Apple News, un service qui « donne un coup de pouce énorme » aux articles
- « Alors que les clics se font rares pour les sites d'actualités, l'application Apple News pourrait-elle être une bouée de sauvetage ?», s’interrogeait Semafor en mai 2024. En invitant notamment Lauren Kern à participer, directrice d’Apple News, et ex-directrice exécutive de New York Magazine, il a donc été question du pouvoir du kiosque de presse sur iPhone. Apple News+ facture 12,99$ par mois pour un abonnement regroupé aux articles de magazines et journaux premium, proposant des actualités en continu de sites et magazines américains majeurs, comme The New Yorker, The Atlantic, The Washington Post, la BBC, le LA Times, et des centaines d’autres.

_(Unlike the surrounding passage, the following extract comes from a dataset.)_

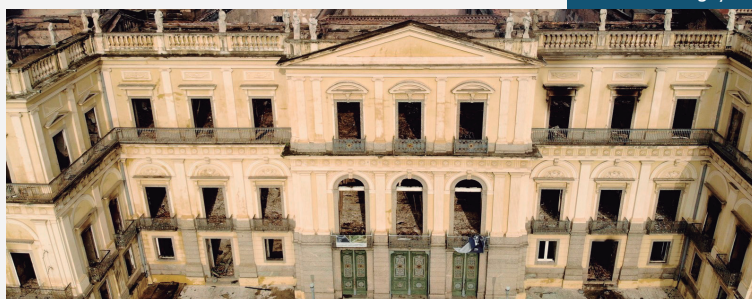
Desse total, R$ 8,9 milhões foram utilizados nas obras de emergência para a recuperação do prédio

Além disso, a Organização das Nações Unidas para a Educação, a Ciência e a Cultura (Unesco) vai gerir mais R$ 5 milhões - essa verba será utilizada na elaboração de dois projetos: um para a reconstru-

- Le fonctionnement ? Des journalistes « humains » sélectionnent des nouvelles provenant de diverses sources pour les utilisateurs, dont certains paient pour accéder à du journalisme que les éditeurs offrent uniquement à leurs abonnés. « Cela revient à une compétence très ancienne de curation humaine pour décider de que vous allez mettre en avant », résume Janice Min de The Ankler. « Apple News donne un coup de pouce énorme à nos articles. Nous atteignons un public vaste que nous ne pourrions pas toucher par nous-mêmes », constate Betsy Reed, éditrice au Guardian US. « Si vous êtes un petit éditeur, Apple News est une bénédiction. C’est du trafic gratuit », renchérit Sewell Chan, éditeur exécutif au Columbia Journalism Review.
- Les éditeurs derrière le mur payant d’Apple News+ sont rémunérés selon un système similaire à celui de Spotify. Tous les frais mensuels sont mis en commun, et une partion est allouée aux éditeurs en fonction du nombre de minutes que les gens passent sur leurs articles. Le taux mensuel revient à quelques centimes pour chaque « minute d’engagement » qu’un article attire, explique l’article.
- Pour le contexte : La version gratuite d'Apple News attire l'attention des lecteurs depuis son lancement en 2015. La version gratuite d'Apple News est l'une des plus grandes plateformes de nouvelles au monde, étant l'application d'actualités la plus utilisée aux États-Unis, au Royaume-Uni, au Canada et en Australie, avec plus de 125 millions d'utilisateurs mensuels en 2020.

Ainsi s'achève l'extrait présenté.